Exercise description - Skip the pictures. Output only the lines below starting at the line with "طقم زي كرة السلة" and ending at the line with "موقف بطولي.. شاب", both ends included, exactly as they are.
START Supplied data
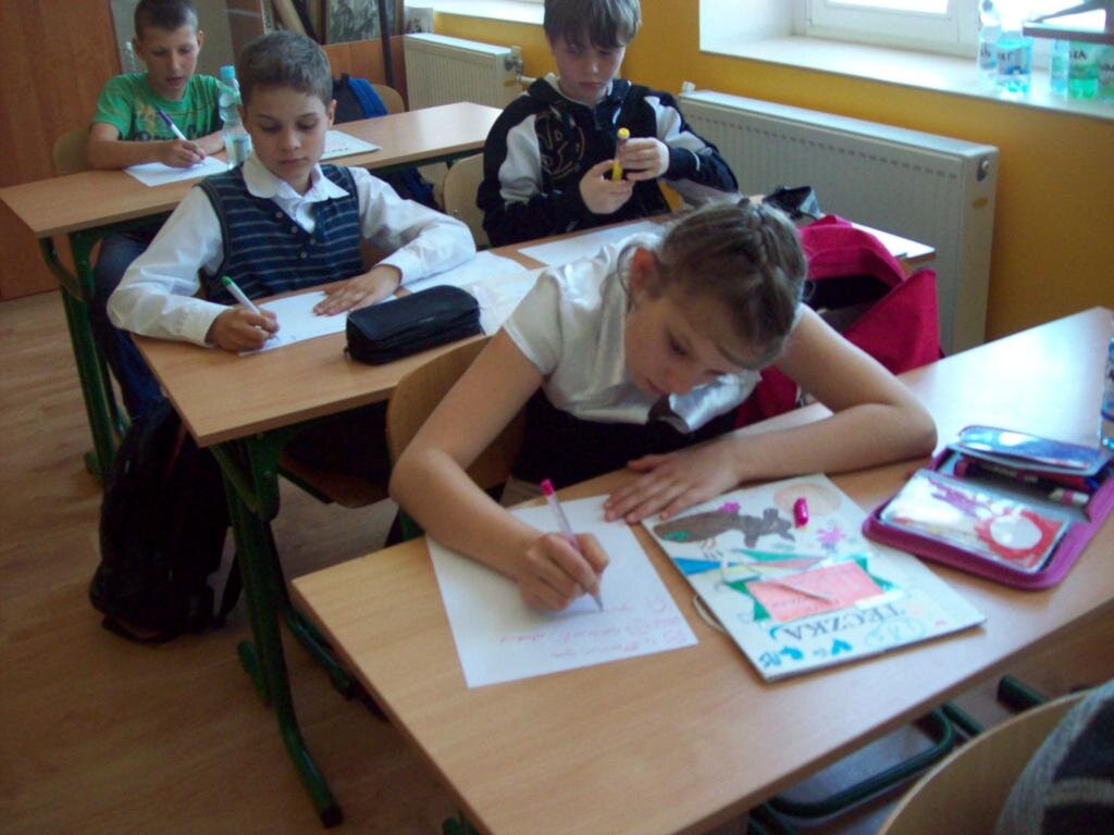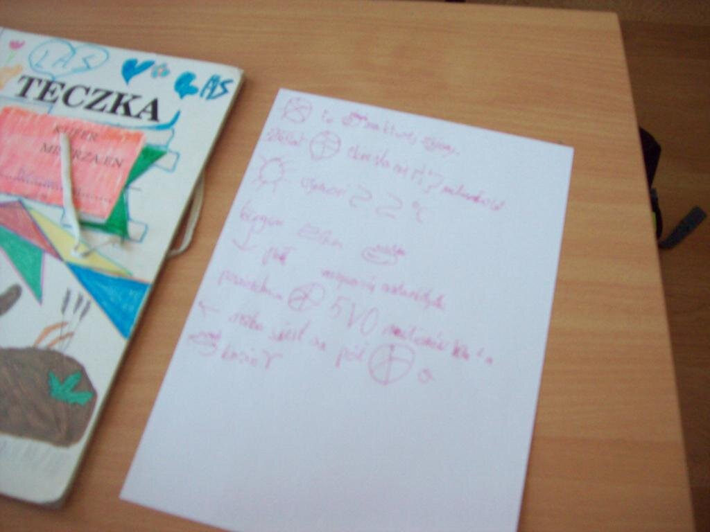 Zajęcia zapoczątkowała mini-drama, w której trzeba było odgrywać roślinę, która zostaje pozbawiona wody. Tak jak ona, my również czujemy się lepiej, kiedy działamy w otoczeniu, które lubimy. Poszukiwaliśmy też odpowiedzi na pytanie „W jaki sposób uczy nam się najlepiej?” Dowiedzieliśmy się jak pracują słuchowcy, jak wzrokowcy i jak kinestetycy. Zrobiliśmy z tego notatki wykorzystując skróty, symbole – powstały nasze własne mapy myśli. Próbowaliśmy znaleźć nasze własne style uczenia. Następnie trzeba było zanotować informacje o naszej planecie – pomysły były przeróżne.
END Supplied data
START Supplied data
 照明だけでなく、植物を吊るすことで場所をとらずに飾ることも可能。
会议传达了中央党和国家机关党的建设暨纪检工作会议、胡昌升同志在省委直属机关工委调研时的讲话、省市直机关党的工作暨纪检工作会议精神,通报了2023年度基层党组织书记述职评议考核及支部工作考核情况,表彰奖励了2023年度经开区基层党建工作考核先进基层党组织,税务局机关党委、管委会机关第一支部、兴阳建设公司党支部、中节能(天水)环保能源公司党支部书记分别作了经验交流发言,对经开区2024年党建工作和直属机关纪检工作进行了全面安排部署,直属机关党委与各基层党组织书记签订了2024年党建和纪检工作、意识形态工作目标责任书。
END Supplied data
START Supplied data
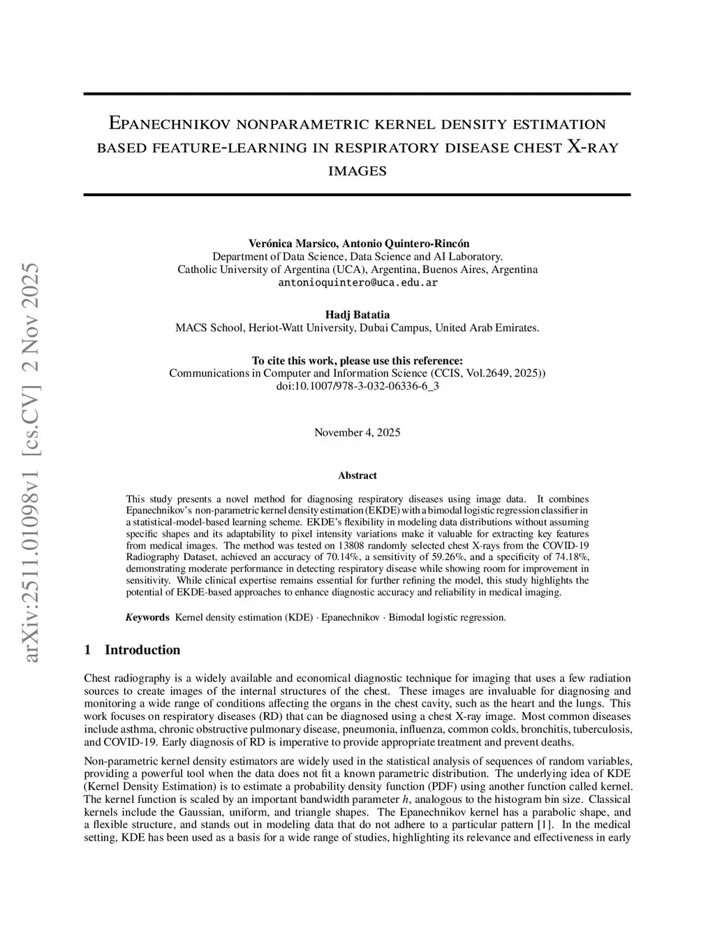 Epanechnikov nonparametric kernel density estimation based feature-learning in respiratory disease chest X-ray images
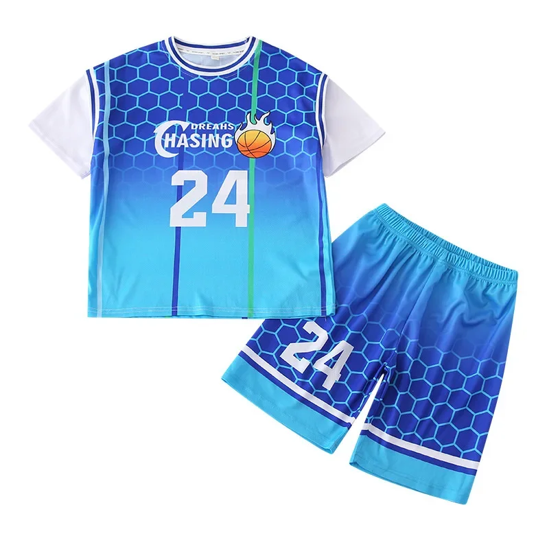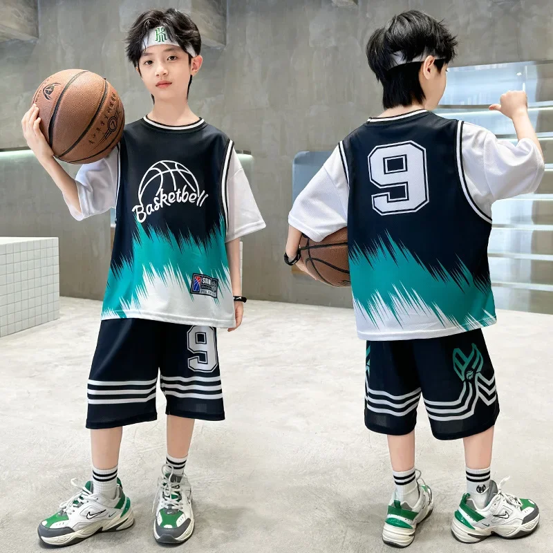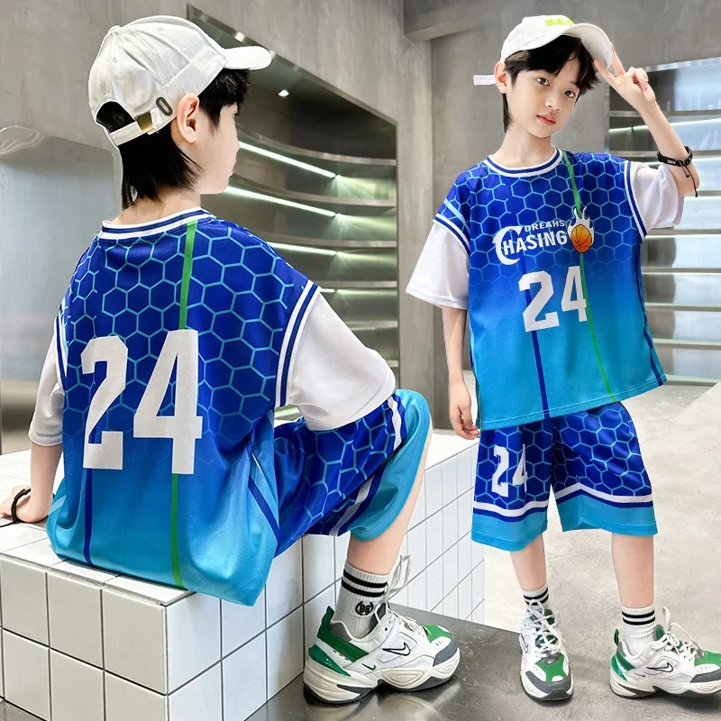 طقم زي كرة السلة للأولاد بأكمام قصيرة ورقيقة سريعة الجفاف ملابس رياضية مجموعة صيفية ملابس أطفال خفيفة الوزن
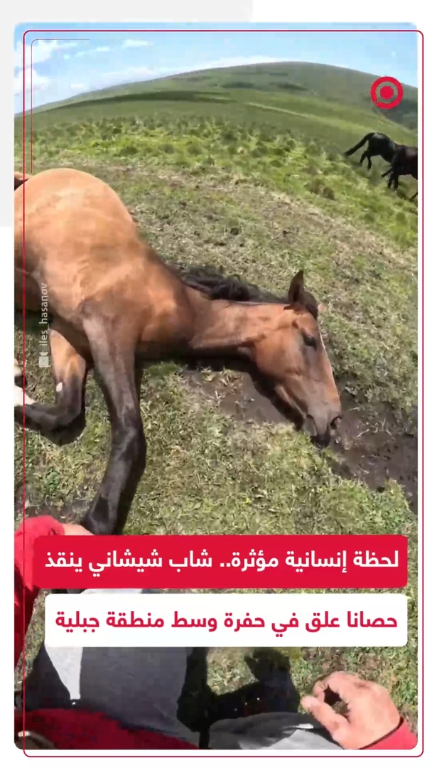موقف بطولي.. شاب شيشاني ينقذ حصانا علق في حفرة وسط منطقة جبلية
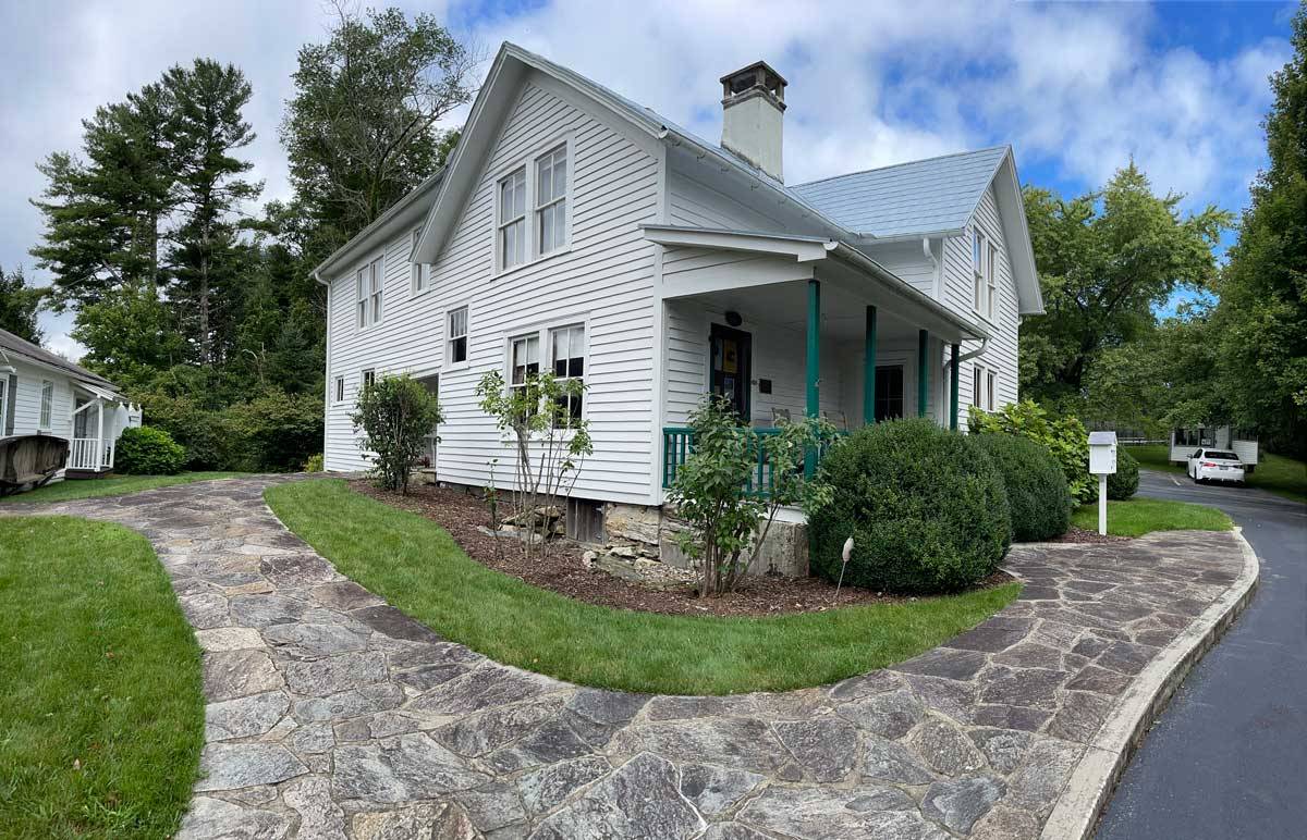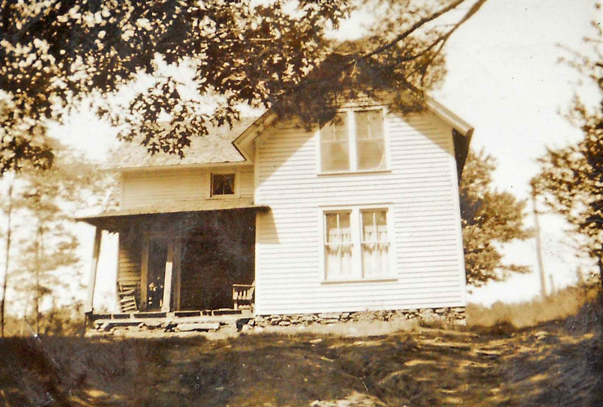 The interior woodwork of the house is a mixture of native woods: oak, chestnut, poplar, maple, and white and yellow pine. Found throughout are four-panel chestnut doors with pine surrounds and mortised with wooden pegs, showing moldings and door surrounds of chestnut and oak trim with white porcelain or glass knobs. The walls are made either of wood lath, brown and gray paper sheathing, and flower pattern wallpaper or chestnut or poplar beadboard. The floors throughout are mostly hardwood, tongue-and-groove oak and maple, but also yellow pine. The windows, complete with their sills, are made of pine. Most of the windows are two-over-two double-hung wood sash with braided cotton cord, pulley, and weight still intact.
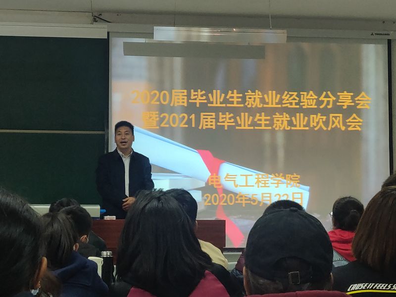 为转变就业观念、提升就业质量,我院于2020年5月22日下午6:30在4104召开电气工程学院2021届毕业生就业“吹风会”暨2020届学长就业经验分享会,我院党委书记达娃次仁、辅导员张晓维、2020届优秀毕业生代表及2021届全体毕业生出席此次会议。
END Supplied data
Written response -
 طقم زي كرة السلة للأولاد بأكمام قصيرة ورقيقة سريعة الجفاف ملابس رياضية مجموعة صيفية ملابس أطفال خفيفة الوزن
موقف بطولي.. شاب شيشاني ينقذ حصانا علق في حفرة وسط منطقة جبلية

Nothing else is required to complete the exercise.